(Data records)
##########

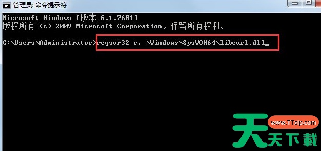 64位Win7操作系统将文件直接复制文件到C:WindowsSysWOW64,开始-程序-附件-命令提示符,右键点击,管理员身份运行,键入regsvr32 c:WindowsSysWOW64libcurl.dll,回车即可。
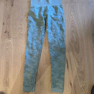 GYMSHARK CAMO SEAMLESS LEGGINGS SAGE GREEN/GREY WOMENS SZ XS/S
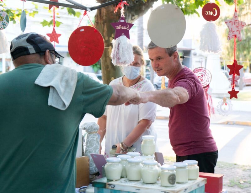 El Intendente José Castro recorre una feria en la Plaza Adolfo Alsina.
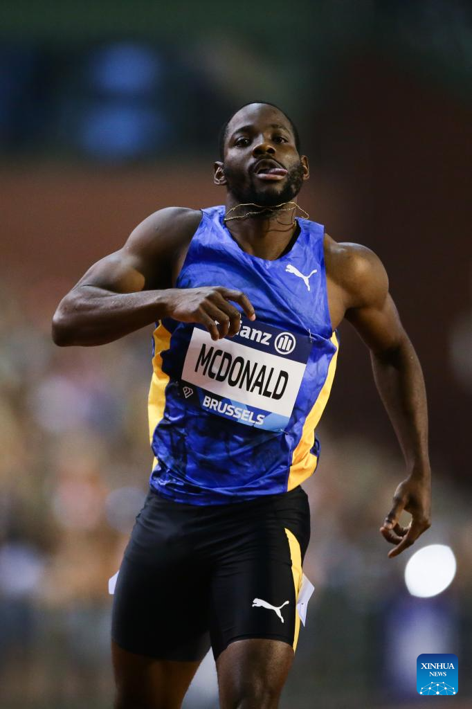 Rusheen Mcdonald of Jamaica reacts after the men's 400m final at the 2023 Diamond League athletics meeting in Brussels, Belgium, Sept. 8, 2023. (Xinhua/Zheng Huansong)
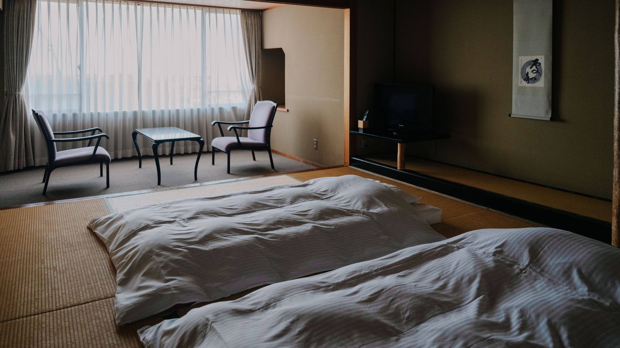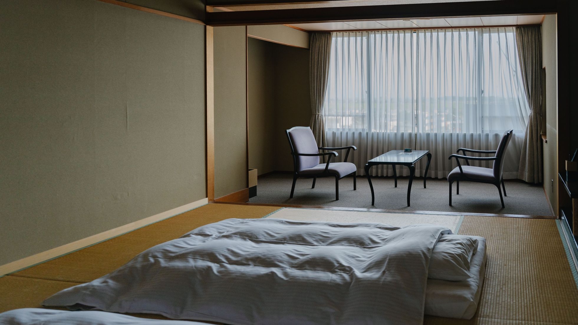 【禁煙】貴賓室は【本間(11畳)+副間(8畳)+広縁】の副間付和室に【ダブル】のベッドルームが付いたお部屋 無料Wi-FI完備
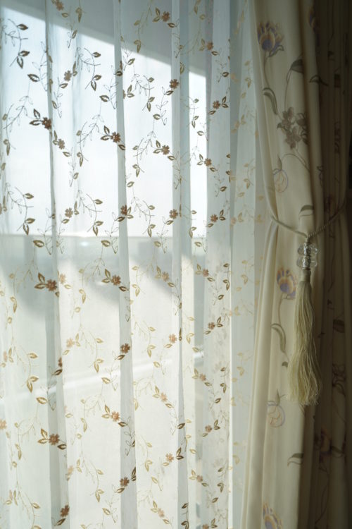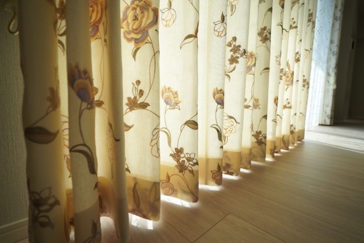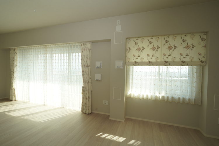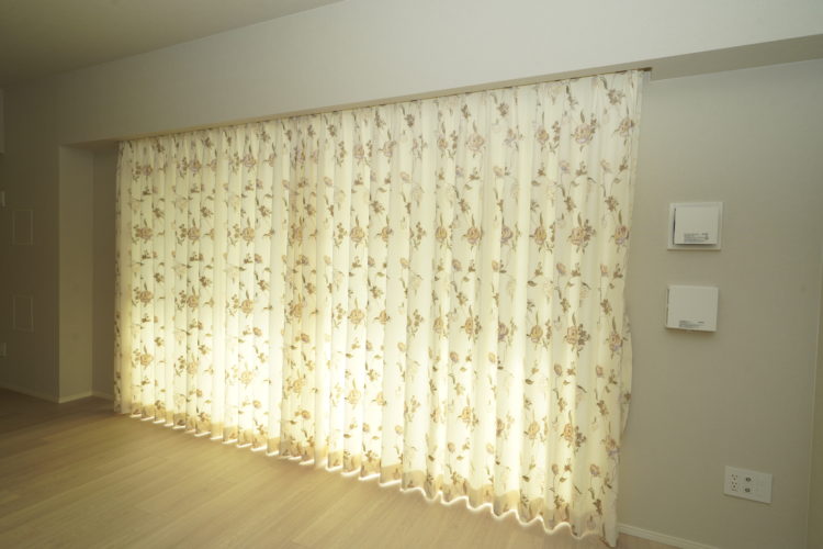 リビングの掃出しは両開きのドレープカーテン、シアーカーテン
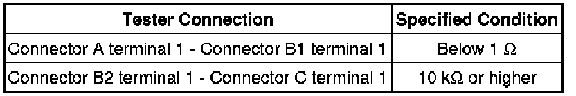 * If the results match the examples above, an open circuit exists in the wire harness between terminal 1 of connector B and terminal 1 of connector C.
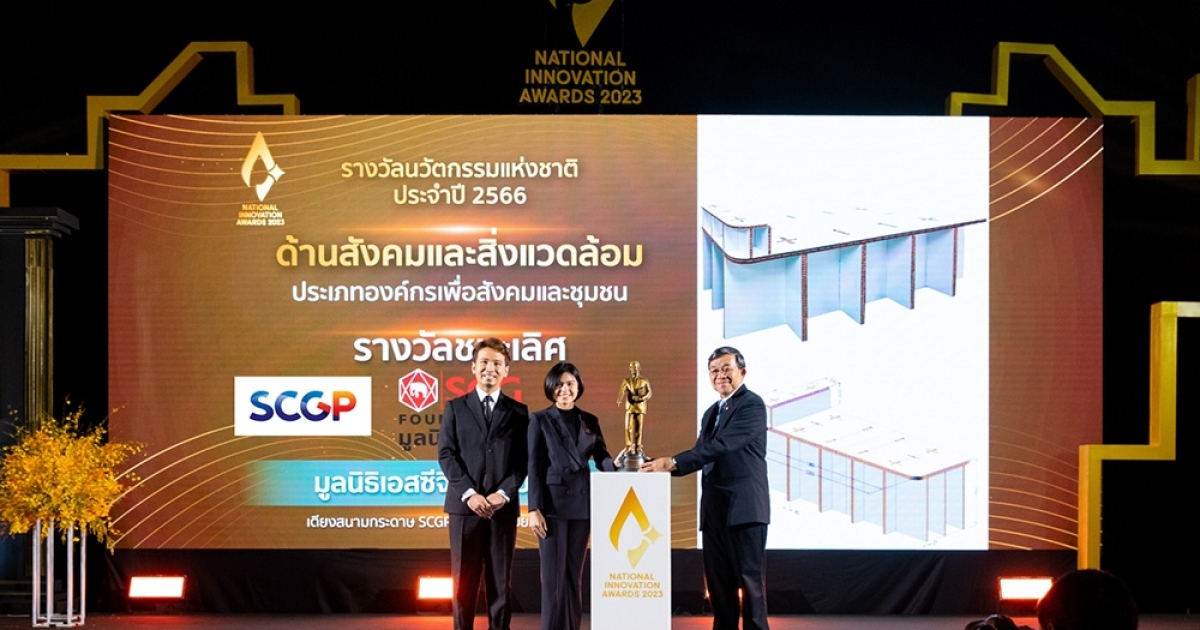 มูลนิธิเอสซีจี ผนึกกำลัง นักศึกษาหลักสูตรประกาศนียบัตรธรรมาภิบาลทางการแพทย์สำหรับผู้บริหารระดับสูง (ปธพ.) โดยมูลนิธิธรรมาภิบาลทางการแพทย์ และแพทยสภา และ SCGP เดินหน้าสร้างประโยชน์ด้านการแพทย์และสาธารณสุขให้สังคมอย่างต่อเนื่อง ล่าสุด ได้รับรางวัลนวัตกรรมแห่งชาติประจำปี 2566 ในสาขาด้านสังคมและสิ่งแวดล้อม องค์กรเพื่อสังคมและชุมชน จากสำนักงานนวัตกรรมแห่งชาติ (NIA) ด้วยผลงาน “นวัตกรรมเตียงกระดาษ สำหรับออกหน่วยเเพทย์เคลื่อนที่” ที่ร่วมกันสร้างสรรค์โดยทีมนักออกแบบ SCGP มูลนิธิเอสซีจี และ ปธพ. โดยต่อยอดจากเตียงสนามกระดาษที่เคยรองรับผู้ป่วยโควิด 19 ให้สามารถตอบโจทย์การใช้งานสำหรับการปฏิบัติงานของแพทย์และการใช้บริการของผู้ป่วยในหน่วยแพทย์เคลื่อนที่ได้อย่างเหมาะสม ปลอดภัย และเคลื่อนย้ายได้อย่างสะดวก นอกจากตอกย้ำความคิดสร้างสรรค์แล้ว ยังช่วยลดความเหลื่อมล้ำในสังคมได้อีกทางหนึ่งด้วย โดยนายสุชาณัฐ ชิดไทย Exhibition and Creative Lifestyle Design Manager - SCGP นางสาวจีรานุช ช่อเกตุ Manager-Partnership Engagement - SCGF เข้ารับโล่รางวัลจาก รศ.นพ. สรนิต ศิลธรรม ประธาน คณะกรรมการนวัตกรรมแห่งชาติ
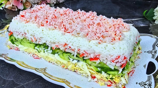 за 10 минут! Обалденные ЗАКУСКИ с крабовыми палочками!Сколько Салатов не готовил на Праздник, но этот съедается Первым.
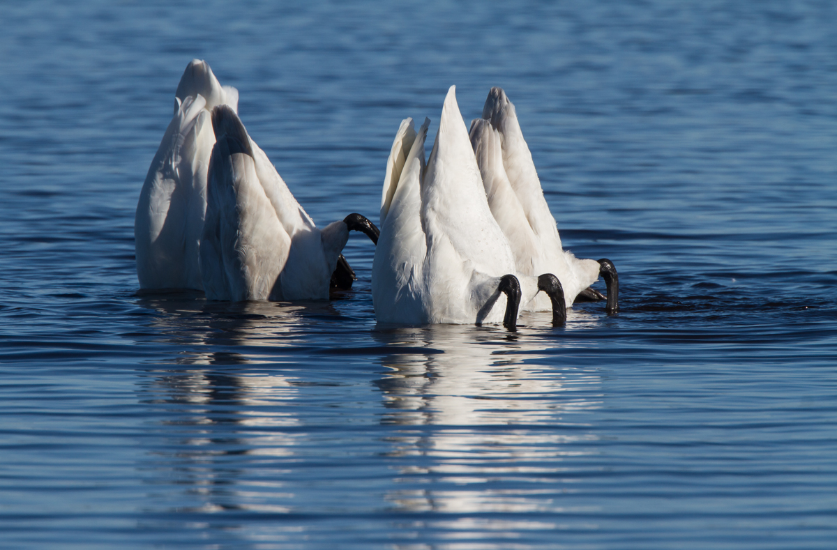 One of the newer visitor services additions on the refuge is the Duck Pen Observation Blind farther down the road on the south shore of Pungo Lake. A short hike from the parking area leads to a large wooden enclosure with a great view out on the lake (although I hope to volunteer once the waterfowl are gone to cut a few more observation ports and make some of the existing ones larger to accommodate telephoto lenses). Since the winds were out of the south, the waterfowl were in close to the south shore, making for some great views. Swans were feeding in the shallows, something I see all the time at Mattamuskeet with its abundant aquatic vegetation, but rarely here at Pungo Lake, due to the peat lake bottom and relative lack of plants and aquatic life.
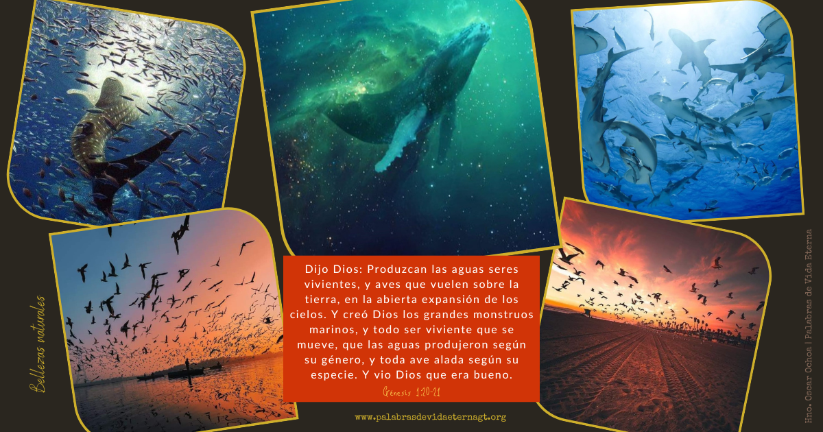 «Dijo Dios: Produzcan las aguas seres vivientes, y aves que vuelen sobre la tierra, en la abierta expansión de los cielos. Y creó Dios los grandes monstruos marinos, y todo ser viviente que se mueve, que las aguas produjeron según su género, y toda ave alada según su especie. Y vio Dios que era bueno.»
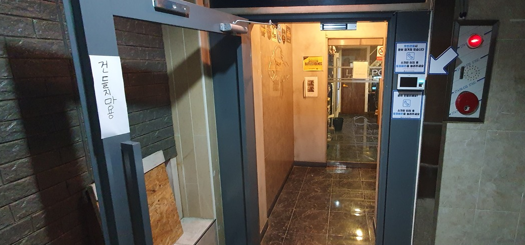 먼저 진주 무인피시방 출입구 부터 보겠습니다. 기존회원의 경우 미리 등록한 지문이증을 통해 출입이 가능합니다.

##########

Apart from the pictures, every line of the data above should be given again exactly.

 64位Win7操作系统将文件直接复制文件到C:WindowsSysWOW64,开始-程序-附件-命令提示符,右键点击,管理员身份运行,键入regsvr32 c:WindowsSysWOW64libcurl.dll,回车即可。
 GYMSHARK CAMO SEAMLESS LEGGINGS SAGE GREEN/GREY WOMENS SZ XS/S
 El Intendente José Castro recorre una feria en la Plaza Adolfo Alsina.
 Rusheen Mcdonald of Jamaica reacts after the men's 400m final at the 2023 Diamond League athletics meeting in Brussels, Belgium, Sept. 8, 2023. (Xinhua/Zheng Huansong)
 【禁煙】貴賓室は【本間(11畳)+副間(8畳)+広縁】の副間付和室に【ダブル】のベッドルームが付いたお部屋 無料Wi-FI完備
 リビングの掃出しは両開きのドレープカーテン、シアーカーテン
 * If the results match the examples above, an open circuit exists in the wire harness between terminal 1 of connector B and terminal 1 of connector C.
 มูลนิธิเอสซีจี ผนึกกำลัง นักศึกษาหลักสูตรประกาศนียบัตรธรรมาภิบาลทางการแพทย์สำหรับผู้บริหารระดับสูง (ปธพ.) โดยมูลนิธิธรรมาภิบาลทางการแพทย์ และแพทยสภา และ SCGP เดินหน้าสร้างประโยชน์ด้านการแพทย์และสาธารณสุขให้สังคมอย่างต่อเนื่อง ล่าสุด ได้รับรางวัลนวัตกรรมแห่งชาติประจำปี 2566 ในสาขาด้านสังคมและสิ่งแวดล้อม องค์กรเพื่อสังคมและชุมชน จากสำนักงานนวัตกรรมแห่งชาติ (NIA) ด้วยผลงาน “นวัตกรรมเตียงกระดาษ สำหรับออกหน่วยเเพทย์เคลื่อนที่” ที่ร่วมกันสร้างสรรค์โดยทีมนักออกแบบ SCGP มูลนิธิเอสซีจี และ ปธพ. โดยต่อยอดจากเตียงสนามกระดาษที่เคยรองรับผู้ป่วยโควิด 19 ให้สามารถตอบโจทย์การใช้งานสำหรับการปฏิบัติงานของแพทย์และการใช้บริการของผู้ป่วยในหน่วยแพทย์เคลื่อนที่ได้อย่างเหมาะสม ปลอดภัย และเคลื่อนย้ายได้อย่างสะดวก นอกจากตอกย้ำความคิดสร้างสรรค์แล้ว ยังช่วยลดความเหลื่อมล้ำในสังคมได้อีกทางหนึ่งด้วย โดยนายสุชาณัฐ ชิดไทย Exhibition and Creative Lifestyle Design Manager - SCGP นางสาวจีรานุช ช่อเกตุ Manager-Partnership Engagement - SCGF เข้ารับโล่รางวัลจาก รศ.นพ. สรนิต ศิลธรรม ประธาน คณะกรรมการนวัตกรรมแห่งชาติ
 за 10 минут! Обалденные ЗАКУСКИ с крабовыми палочками!Сколько Салатов не готовил на Праздник, но этот съедается Первым.
 One of the newer visitor services additions on the refuge is the Duck Pen Observation Blind farther down the road on the south shore of Pungo Lake. A short hike from the parking area leads to a large wooden enclosure with a great view out on the lake (although I hope to volunteer once the waterfowl are gone to cut a few more observation ports and make some of the existing ones larger to accommodate telephoto lenses). Since the winds were out of the south, the waterfowl were in close to the south shore, making for some great views. Swans were feeding in the shallows, something I see all the time at Mattamuskeet with its abundant aquatic vegetation, but rarely here at Pungo Lake, due to the peat lake bottom and relative lack of plants and aquatic life.
 «Dijo Dios: Produzcan las aguas seres vivientes, y aves que vuelen sobre la tierra, en la abierta expansión de los cielos. Y creó Dios los grandes monstruos marinos, y todo ser viviente que se mueve, que las aguas produjeron según su género, y toda ave alada según su especie. Y vio Dios que era bueno.»
 먼저 진주 무인피시방 출입구 부터 보겠습니다. 기존회원의 경우 미리 등록한 지문이증을 통해 출입이 가능합니다.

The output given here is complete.